[Dataset records]
================================

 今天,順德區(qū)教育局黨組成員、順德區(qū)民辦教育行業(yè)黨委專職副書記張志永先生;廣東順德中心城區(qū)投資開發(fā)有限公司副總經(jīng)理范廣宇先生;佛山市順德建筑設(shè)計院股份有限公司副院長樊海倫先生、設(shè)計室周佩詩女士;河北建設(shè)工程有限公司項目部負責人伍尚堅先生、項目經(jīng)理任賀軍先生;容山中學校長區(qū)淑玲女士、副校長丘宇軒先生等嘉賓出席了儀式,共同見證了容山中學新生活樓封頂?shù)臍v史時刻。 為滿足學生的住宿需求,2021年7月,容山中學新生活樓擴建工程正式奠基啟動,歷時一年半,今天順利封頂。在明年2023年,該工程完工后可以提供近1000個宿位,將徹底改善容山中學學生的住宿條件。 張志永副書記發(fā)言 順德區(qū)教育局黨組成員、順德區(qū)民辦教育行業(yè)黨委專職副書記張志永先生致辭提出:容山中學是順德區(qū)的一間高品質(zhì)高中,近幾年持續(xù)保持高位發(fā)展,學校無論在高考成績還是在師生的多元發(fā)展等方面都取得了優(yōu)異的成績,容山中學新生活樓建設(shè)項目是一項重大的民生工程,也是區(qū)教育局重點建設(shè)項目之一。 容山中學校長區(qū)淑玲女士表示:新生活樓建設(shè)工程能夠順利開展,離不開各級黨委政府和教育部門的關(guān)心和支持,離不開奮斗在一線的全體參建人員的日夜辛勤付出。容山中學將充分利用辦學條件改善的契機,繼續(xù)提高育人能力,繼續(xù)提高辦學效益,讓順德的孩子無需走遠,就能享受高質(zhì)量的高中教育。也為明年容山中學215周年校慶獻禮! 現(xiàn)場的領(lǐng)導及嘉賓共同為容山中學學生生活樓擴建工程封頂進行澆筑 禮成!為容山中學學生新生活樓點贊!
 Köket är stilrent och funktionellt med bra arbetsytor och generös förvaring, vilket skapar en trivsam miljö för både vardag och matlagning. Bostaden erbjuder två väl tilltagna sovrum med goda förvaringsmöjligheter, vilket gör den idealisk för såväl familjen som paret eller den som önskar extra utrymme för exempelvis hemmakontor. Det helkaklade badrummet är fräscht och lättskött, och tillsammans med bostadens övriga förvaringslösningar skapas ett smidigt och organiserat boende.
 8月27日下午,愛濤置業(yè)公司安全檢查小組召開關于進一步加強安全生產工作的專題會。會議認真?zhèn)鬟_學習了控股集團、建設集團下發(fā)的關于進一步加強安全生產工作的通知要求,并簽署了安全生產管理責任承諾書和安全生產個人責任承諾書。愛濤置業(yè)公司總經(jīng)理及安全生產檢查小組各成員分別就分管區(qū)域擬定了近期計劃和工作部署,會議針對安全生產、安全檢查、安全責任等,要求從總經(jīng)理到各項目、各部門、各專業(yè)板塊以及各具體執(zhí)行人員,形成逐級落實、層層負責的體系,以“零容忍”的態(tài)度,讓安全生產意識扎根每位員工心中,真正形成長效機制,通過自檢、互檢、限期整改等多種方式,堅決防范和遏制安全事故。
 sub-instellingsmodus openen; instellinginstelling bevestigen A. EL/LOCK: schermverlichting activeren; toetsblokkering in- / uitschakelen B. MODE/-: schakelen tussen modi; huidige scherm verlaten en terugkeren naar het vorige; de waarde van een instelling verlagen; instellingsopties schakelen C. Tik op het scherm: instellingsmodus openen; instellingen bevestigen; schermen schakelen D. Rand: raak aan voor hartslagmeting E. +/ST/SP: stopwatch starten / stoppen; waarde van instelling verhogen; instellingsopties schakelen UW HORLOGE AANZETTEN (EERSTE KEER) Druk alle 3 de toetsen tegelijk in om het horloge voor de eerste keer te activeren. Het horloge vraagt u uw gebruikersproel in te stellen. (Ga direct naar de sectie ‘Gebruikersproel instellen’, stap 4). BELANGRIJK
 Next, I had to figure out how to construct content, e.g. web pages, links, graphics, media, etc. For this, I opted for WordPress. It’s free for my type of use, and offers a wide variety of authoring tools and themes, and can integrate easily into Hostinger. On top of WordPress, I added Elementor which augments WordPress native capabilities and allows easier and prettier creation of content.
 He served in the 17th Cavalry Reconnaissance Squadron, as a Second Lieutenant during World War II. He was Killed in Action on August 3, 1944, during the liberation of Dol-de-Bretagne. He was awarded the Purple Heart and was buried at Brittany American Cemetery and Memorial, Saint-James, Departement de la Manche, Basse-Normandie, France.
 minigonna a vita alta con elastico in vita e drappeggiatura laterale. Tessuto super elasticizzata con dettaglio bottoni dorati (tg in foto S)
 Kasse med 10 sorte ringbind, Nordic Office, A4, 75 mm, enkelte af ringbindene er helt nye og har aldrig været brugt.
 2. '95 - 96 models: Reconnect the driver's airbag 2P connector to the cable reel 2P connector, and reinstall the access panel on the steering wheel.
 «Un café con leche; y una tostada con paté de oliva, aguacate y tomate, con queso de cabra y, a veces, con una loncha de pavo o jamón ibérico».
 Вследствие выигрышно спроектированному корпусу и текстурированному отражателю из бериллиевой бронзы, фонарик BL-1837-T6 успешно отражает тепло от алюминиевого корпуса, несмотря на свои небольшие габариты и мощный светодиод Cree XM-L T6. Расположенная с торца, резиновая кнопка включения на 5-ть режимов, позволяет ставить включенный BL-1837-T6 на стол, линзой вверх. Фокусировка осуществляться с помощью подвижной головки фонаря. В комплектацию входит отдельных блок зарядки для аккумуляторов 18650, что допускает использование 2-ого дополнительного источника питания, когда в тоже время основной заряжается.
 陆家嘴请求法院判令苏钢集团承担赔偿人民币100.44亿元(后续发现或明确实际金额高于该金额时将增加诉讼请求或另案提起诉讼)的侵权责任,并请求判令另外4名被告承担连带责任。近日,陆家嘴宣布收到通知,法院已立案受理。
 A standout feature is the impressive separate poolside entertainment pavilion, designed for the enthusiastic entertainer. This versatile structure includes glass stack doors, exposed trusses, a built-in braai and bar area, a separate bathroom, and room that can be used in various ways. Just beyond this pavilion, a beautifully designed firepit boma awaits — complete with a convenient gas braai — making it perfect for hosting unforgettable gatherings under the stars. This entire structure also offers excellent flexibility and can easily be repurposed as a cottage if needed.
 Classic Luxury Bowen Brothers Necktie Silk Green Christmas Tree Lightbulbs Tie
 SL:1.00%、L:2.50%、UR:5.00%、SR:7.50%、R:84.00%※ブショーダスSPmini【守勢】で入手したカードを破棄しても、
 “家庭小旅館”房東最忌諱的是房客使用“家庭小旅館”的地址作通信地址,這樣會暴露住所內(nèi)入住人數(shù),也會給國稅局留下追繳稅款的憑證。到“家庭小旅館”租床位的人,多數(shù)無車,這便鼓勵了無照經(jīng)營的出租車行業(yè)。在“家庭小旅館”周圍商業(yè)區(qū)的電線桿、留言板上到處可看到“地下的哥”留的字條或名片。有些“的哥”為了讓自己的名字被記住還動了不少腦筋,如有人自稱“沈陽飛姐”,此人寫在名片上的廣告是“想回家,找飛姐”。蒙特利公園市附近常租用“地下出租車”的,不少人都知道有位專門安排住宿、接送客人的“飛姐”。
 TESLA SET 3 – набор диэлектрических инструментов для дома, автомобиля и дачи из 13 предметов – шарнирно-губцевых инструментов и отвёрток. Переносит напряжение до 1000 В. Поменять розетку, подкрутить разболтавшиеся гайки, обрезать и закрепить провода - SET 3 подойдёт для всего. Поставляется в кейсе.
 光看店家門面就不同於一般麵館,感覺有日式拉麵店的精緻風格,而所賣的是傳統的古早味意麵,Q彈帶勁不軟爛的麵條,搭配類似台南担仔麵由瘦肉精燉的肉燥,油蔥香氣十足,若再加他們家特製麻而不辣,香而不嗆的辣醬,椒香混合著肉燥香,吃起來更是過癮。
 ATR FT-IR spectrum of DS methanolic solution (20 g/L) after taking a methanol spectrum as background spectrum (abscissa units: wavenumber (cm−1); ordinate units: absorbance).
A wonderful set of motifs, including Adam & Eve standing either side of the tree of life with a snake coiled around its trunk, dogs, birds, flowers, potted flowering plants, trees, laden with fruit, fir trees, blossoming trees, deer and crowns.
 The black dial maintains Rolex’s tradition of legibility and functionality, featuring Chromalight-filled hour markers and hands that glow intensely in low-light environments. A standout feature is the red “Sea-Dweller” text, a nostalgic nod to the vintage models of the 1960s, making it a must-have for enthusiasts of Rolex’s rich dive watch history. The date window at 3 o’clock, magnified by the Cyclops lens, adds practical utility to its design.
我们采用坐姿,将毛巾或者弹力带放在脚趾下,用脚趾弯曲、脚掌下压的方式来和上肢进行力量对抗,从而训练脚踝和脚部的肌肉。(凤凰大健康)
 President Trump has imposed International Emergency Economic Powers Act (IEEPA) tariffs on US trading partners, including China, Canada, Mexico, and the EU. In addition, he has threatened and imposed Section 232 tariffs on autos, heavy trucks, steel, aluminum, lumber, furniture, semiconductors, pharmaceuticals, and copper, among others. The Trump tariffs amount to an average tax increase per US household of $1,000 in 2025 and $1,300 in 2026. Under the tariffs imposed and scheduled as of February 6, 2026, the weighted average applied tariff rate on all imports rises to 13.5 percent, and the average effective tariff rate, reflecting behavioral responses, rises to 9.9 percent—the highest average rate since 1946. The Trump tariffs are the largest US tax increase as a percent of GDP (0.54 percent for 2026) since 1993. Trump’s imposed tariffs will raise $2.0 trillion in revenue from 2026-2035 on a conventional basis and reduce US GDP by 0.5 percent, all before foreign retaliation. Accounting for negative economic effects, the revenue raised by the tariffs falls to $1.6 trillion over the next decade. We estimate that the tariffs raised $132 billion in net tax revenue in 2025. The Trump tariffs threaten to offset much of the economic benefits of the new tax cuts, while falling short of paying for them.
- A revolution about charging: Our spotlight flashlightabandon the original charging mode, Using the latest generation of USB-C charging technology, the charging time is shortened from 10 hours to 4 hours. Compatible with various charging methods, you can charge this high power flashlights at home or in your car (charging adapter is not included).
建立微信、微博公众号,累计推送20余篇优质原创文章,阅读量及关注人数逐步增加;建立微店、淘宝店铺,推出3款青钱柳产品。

================================

What you have to do: Copy task for the entries above: every line with the string "models".

Reply to the task:
 2. '95 - 96 models: Reconnect the driver's airbag 2P connector to the cable reel 2P connector, and reinstall the access panel on the steering wheel.
 The black dial maintains Rolex’s tradition of legibility and functionality, featuring Chromalight-filled hour markers and hands that glow intensely in low-light environments. A standout feature is the red “Sea-Dweller” text, a nostalgic nod to the vintage models of the 1960s, making it a must-have for enthusiasts of Rolex’s rich dive watch history. The date window at 3 o’clock, magnified by the Cyclops lens, adds practical utility to its design.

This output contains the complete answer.